DESCRIPTION OF THE TASK –
Below are records; please write out exactly the lines from the first line through the line containing "Note: The screw", with no pictures.

RECORDED INFORMATION –
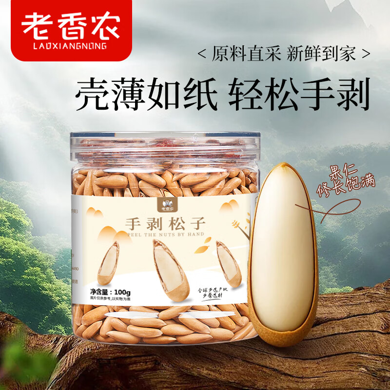 老香农新货巴西松子大颗粒100g罐装手剥松子年货坚果炒货干果松子小零食
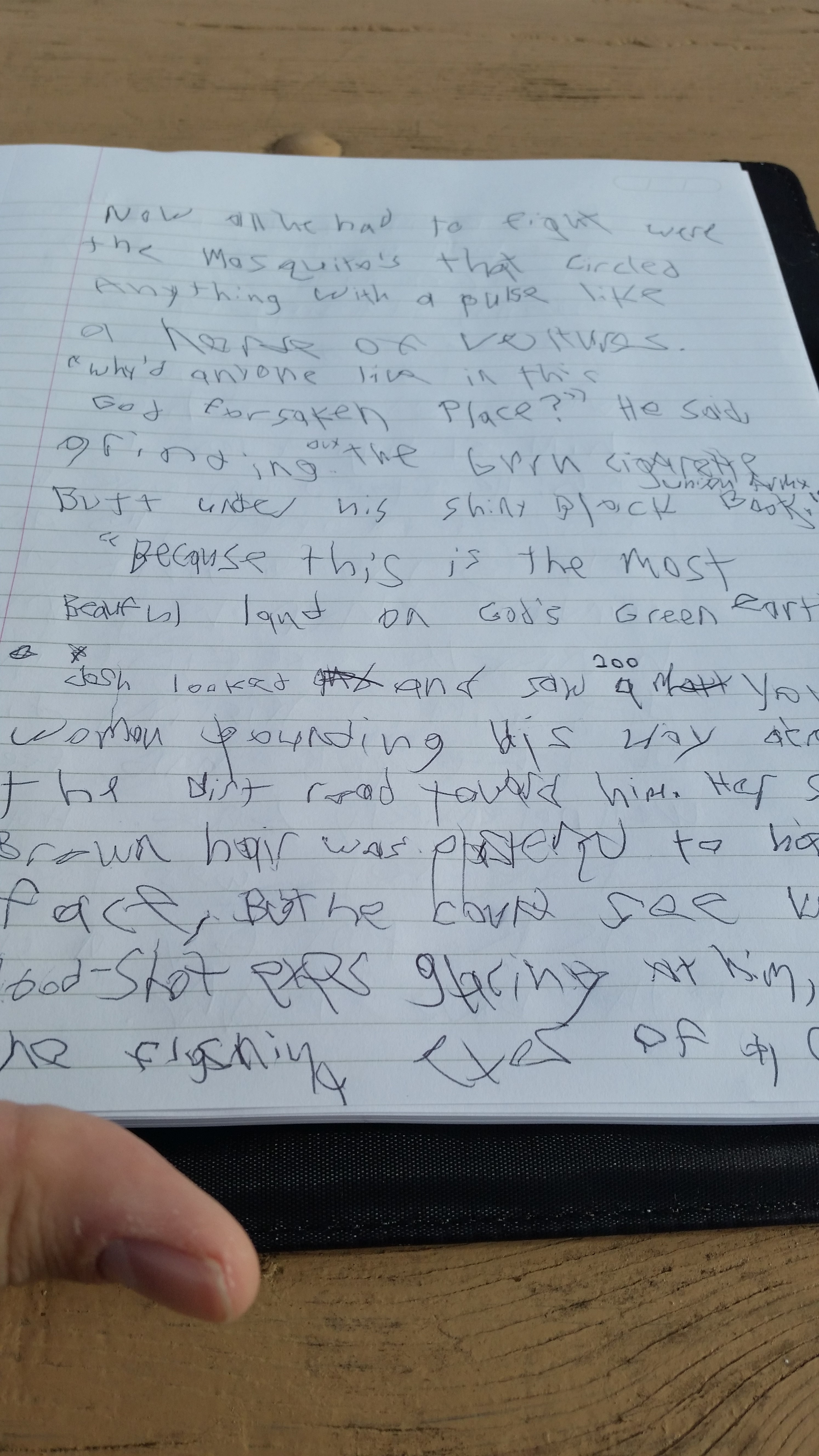 -Saw a young woman pounding her way across the dirt road towards him. Her shaggy brown hair was plastered to her face but he could see her blood-shot eyes glaring at him, like the flashing eyes of a cat hiding beneath a dark porch.
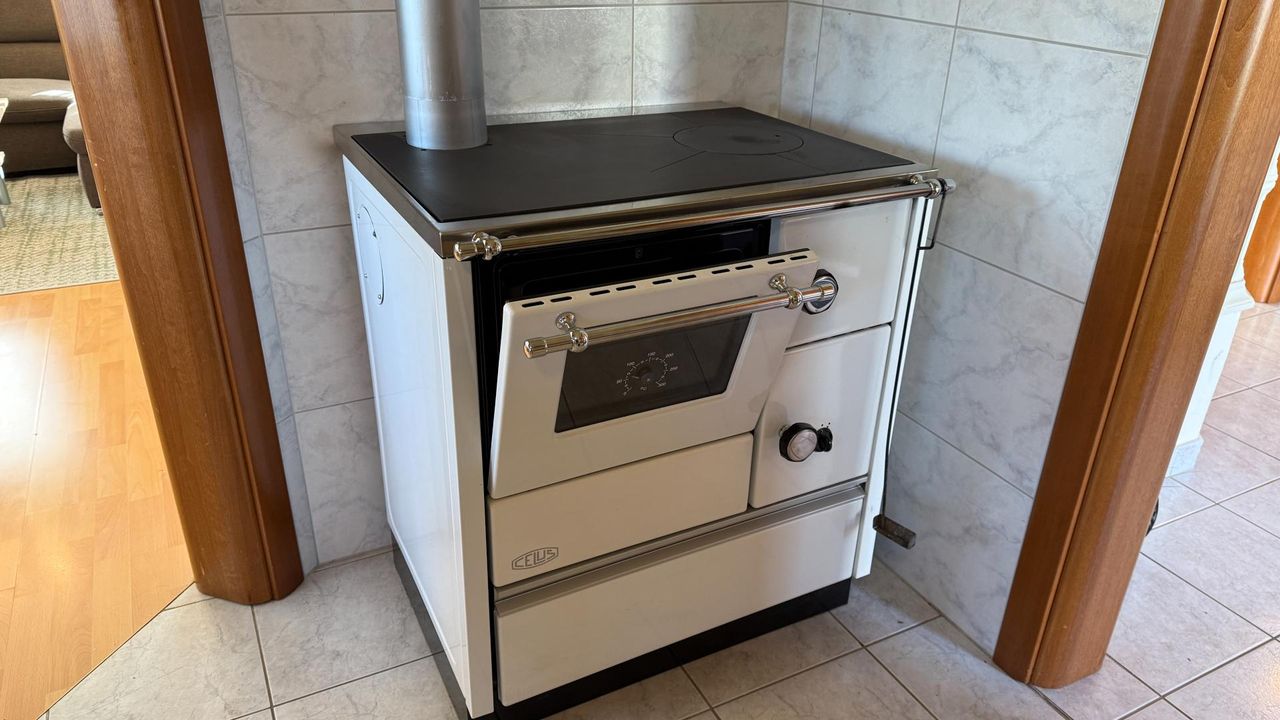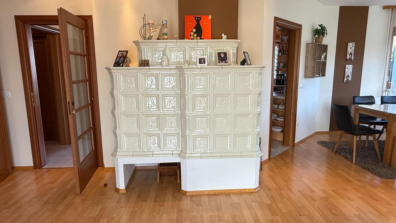 Das Haus wird über eine Elektroheizung beheizt. Zusätzlich steht ein zentraler Kachelofen zur Verfügung, der vom Vorraum aus befeuert wird und sowohl diesen Bereich als auch das Wohnzimmer angenehm wärmt. Die Wärme verteilt sich über die Galerie auch ins Dachgeschoss.
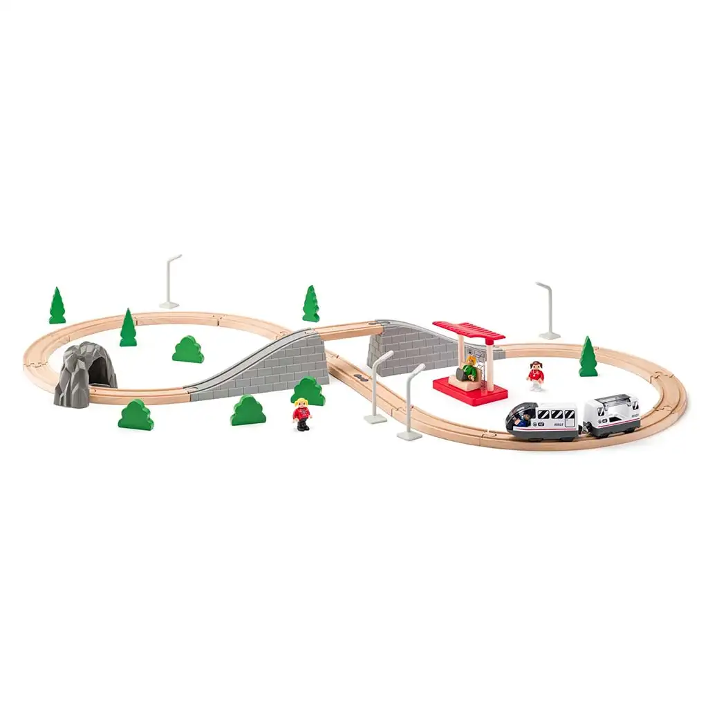 Táto železničná súprava je ideálnou voľbou, ak vaše dieťa miluje vlaky a realistické scenérie. Moderný osobný vlak s dvoma vozňami prechádza traťou, zatiaľ čo prechádza tunelom, prechádza po moste a potom zastaví na krytej stanici, kde už čakajú cestujúci. Dômyselne navrhnutá trať obohacuje hru o vzrušujúce výškové rozdiely a zákruty.
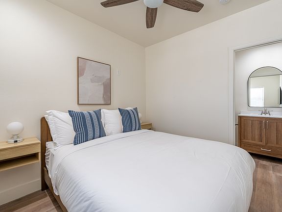 Bedroom #1 (primary): King bed, ensuite bath, nightstands, table lamps, smart tv, armoire, closet, luggage rack, ceiling fan, access to backyard
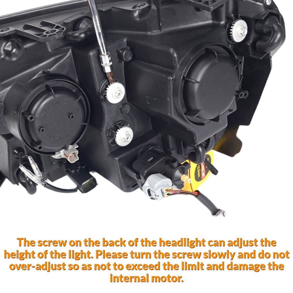 Note: The screw on the back of the headlight can adjust the height of the light. Please turn the screw slowly and do not over-adjust to exceed the limit and damage the internal screw.
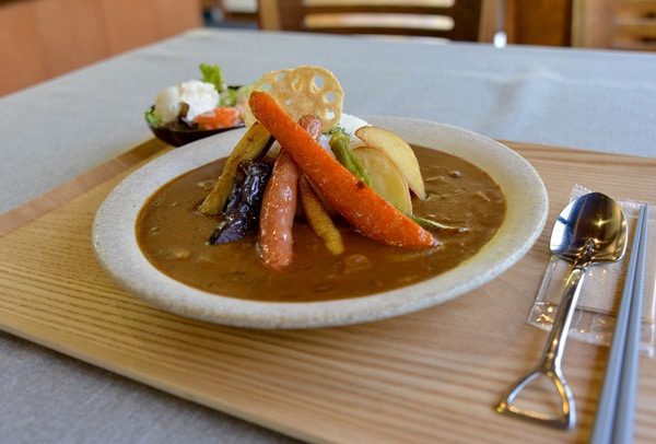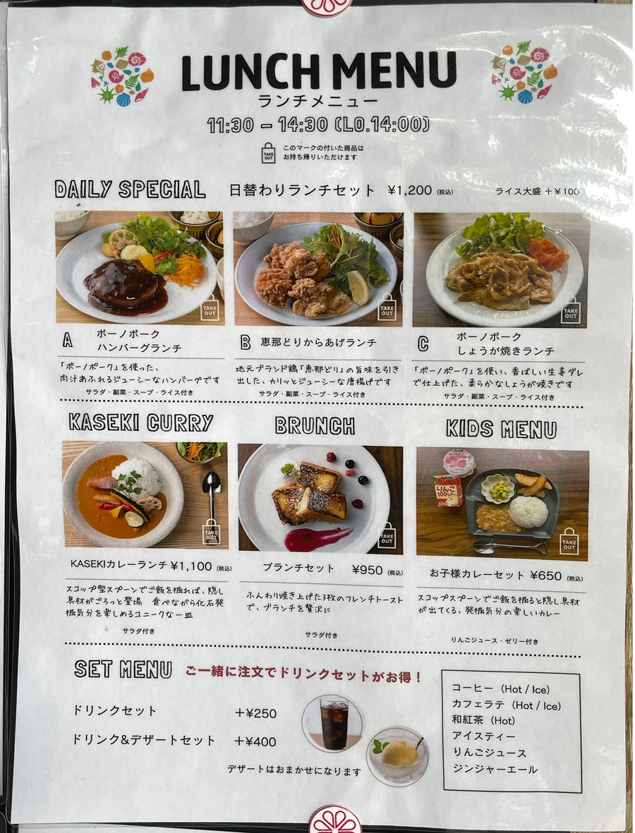 観光協会とカフェスタッフとで考案したメニューは瑞浪の魅力たっぷり。「KASEKIカレー」は、瑞浪観光の代表「化石」にちなんだメニュー。スコップ形のスプーンでご飯を掘って、隠れた具材を見つけるという、楽しい一品です(お子さまカレーもあり)。
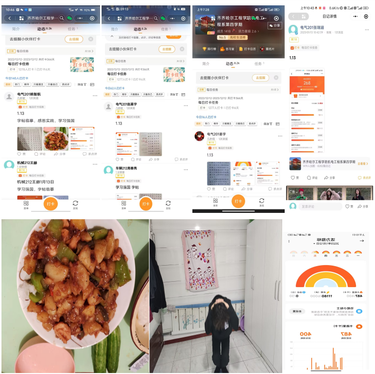 第四学期第二周已经过去了在此期间机电系7组每天都按时完成了字帖临摹和每周需要的感恩实践活动以及时政学习。选择了可选项任务影视赏析和健身锻炼,我们也深刻认识了第四学期得重要意义。

OUTPUT FOR THIS TASK –
 老香农新货巴西松子大颗粒100g罐装手剥松子年货坚果炒货干果松子小零食
 -Saw a young woman pounding her way across the dirt road towards him. Her shaggy brown hair was plastered to her face but he could see her blood-shot eyes glaring at him, like the flashing eyes of a cat hiding beneath a dark porch.
 Das Haus wird über eine Elektroheizung beheizt. Zusätzlich steht ein zentraler Kachelofen zur Verfügung, der vom Vorraum aus befeuert wird und sowohl diesen Bereich als auch das Wohnzimmer angenehm wärmt. Die Wärme verteilt sich über die Galerie auch ins Dachgeschoss.
 Táto železničná súprava je ideálnou voľbou, ak vaše dieťa miluje vlaky a realistické scenérie. Moderný osobný vlak s dvoma vozňami prechádza traťou, zatiaľ čo prechádza tunelom, prechádza po moste a potom zastaví na krytej stanici, kde už čakajú cestujúci. Dômyselne navrhnutá trať obohacuje hru o vzrušujúce výškové rozdiely a zákruty.
 Bedroom #1 (primary): King bed, ensuite bath, nightstands, table lamps, smart tv, armoire, closet, luggage rack, ceiling fan, access to backyard
 Note: The screw on the back of the headlight can adjust the height of the light. Please turn the screw slowly and do not over-adjust to exceed the limit and damage the internal screw.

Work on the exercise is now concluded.